Week 3: Bumpy roads and floating islands

The crossing in La Quiaca went fast and without any problems. The usual Austria-Australia-confusion (The guy is holding my passport, looks at me and asks ‘Australia?’) didn’t cost any time and we entered Bolivian ground. The little border-town Villazon gave us a first impression of how different the next weeks were going to be, Argentina is much more European than the surrounding countries. Walking into the bus station we were met by a chorus of people shouting destinations at us. We randomly picked a company to La Paz and two hours later we were waiting to enter our bus.

La Paz, Bolivia

The worst bus-ride of my life

There we met Trevor, a mountain guide from Manchester, who had done this trip a couple of times and let us into the secrets of Bolivian bus travels. He especially warned us about the bumpy roads and the cold and dust coming from outside. We still didn’t expect what was going to happen. We hit the jackpot and got two places in the last row, the only one without reclinable seats. So most of the time the seats in front of us where 20cm from our heads. After five of the 18 hours (we were faster than expected) I wrote (mentally as there was no light) the previous article. Two or three hours later the road got better, the one meter leaps rarer, but exhaustion (I managed to sleep maybe 20 minutes) and people who now occupied the middle seat of the last row (Flora sat at the window and slept a two or three hours on my shoulder) didn’t really allow me to relax. Anyway, with sunset there came light and everything gradually improved. A couple of hours later we could even change seats.

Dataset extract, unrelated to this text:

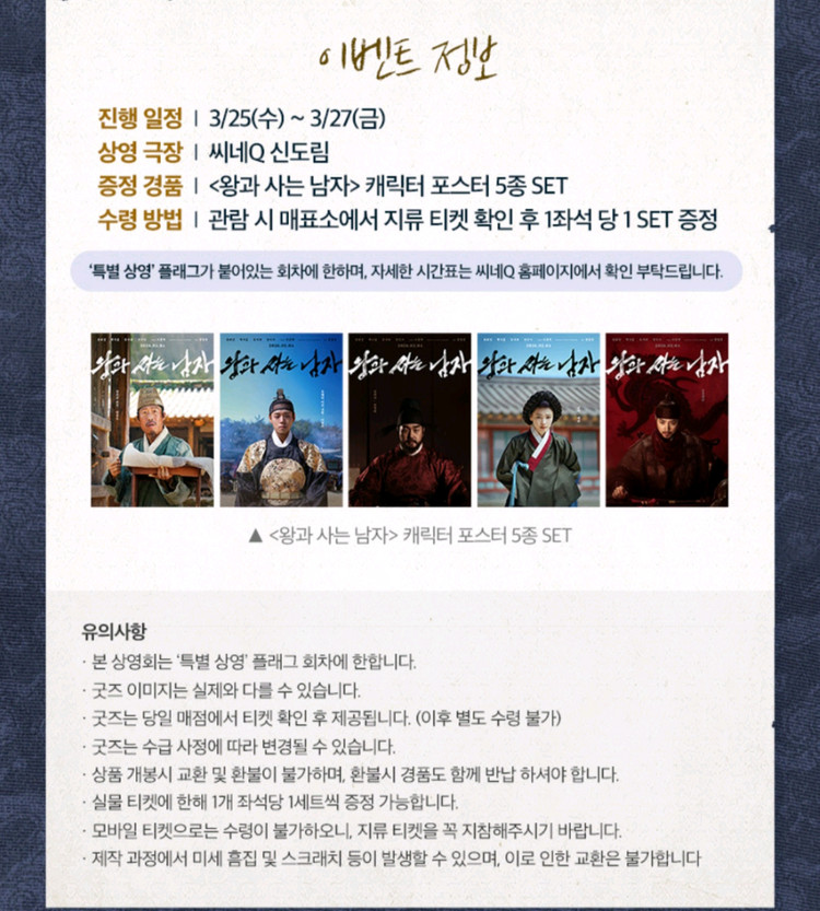 개인정보(거래정보)를 주고받는 행위는 사기에 노출될 수 있으므로 즉시 중고나라로 신고해 주세요씨네큐 왕과사는남자 5종 포스터 미개봉 금요일 수령 당일 or 토요일 배송 결제 후 취소 불가능한 상품입니다.

In the bus we met a French couple who we might meet again on our way through Paraguay. They stayed in La Paz and we moved on in the most expensive bus ever (there was no other) to Puno in Peru, crossing the second border and the second timezone in two days (we are now seven hours behind Vienna). La Paz (on over 4000m) is an amazing sight, thousands of match-box-houses crawling up the surrounding mountains. The border to Peru was again no problem and on the bus we met a guy from Limerick who was on his honeymoon (we couldn’t find out where is wife was).

Puno, Peru

Man-made islands floating on Lago Titicaca

Retreat on the lake

We took another bus to Puno at Lake Titicaca (which means something with a puma and we were told it resembles a puma eating a rabbit) on 3860m. We found a great and cheap little place to stay and went to see the Floating Islands, home of a tribe called Uros, who had built them out of totora reeds to escape from the Incas and Collas some hundred years ago. The two-hour trip was amazing, although the whole thing is extremely touristy. It started with us paying for entering the National Park as the only (white) people on board of the tourist ship. We later learned we had already paid with the tickets. Our cruise visited three of those small islands, on the first one a local gave us a little presentation about the islands and little kids surrounded us asking for sweets and money. On the last one Flora and I ate some fried fish, the rest of our group where ‘local’ tourist and didn’t spend too much money (although they had thought about bringing sweets).

The Uros still live on these islands, but instead of living on what the lake provides them, they now rely solely on tourism. There is a swimming school, a small “restaurant” and a hostel. One could see only old or very young people but we could not find out why. Maybe they are leaving on a certain age, as not a lot of work is available. Maybe they still live there and return after work or school.

All in all it was weird, an amazing place on one side, but kind of sad on the other. But once you looked at the pictures, you will see it’s definitely worth a visit.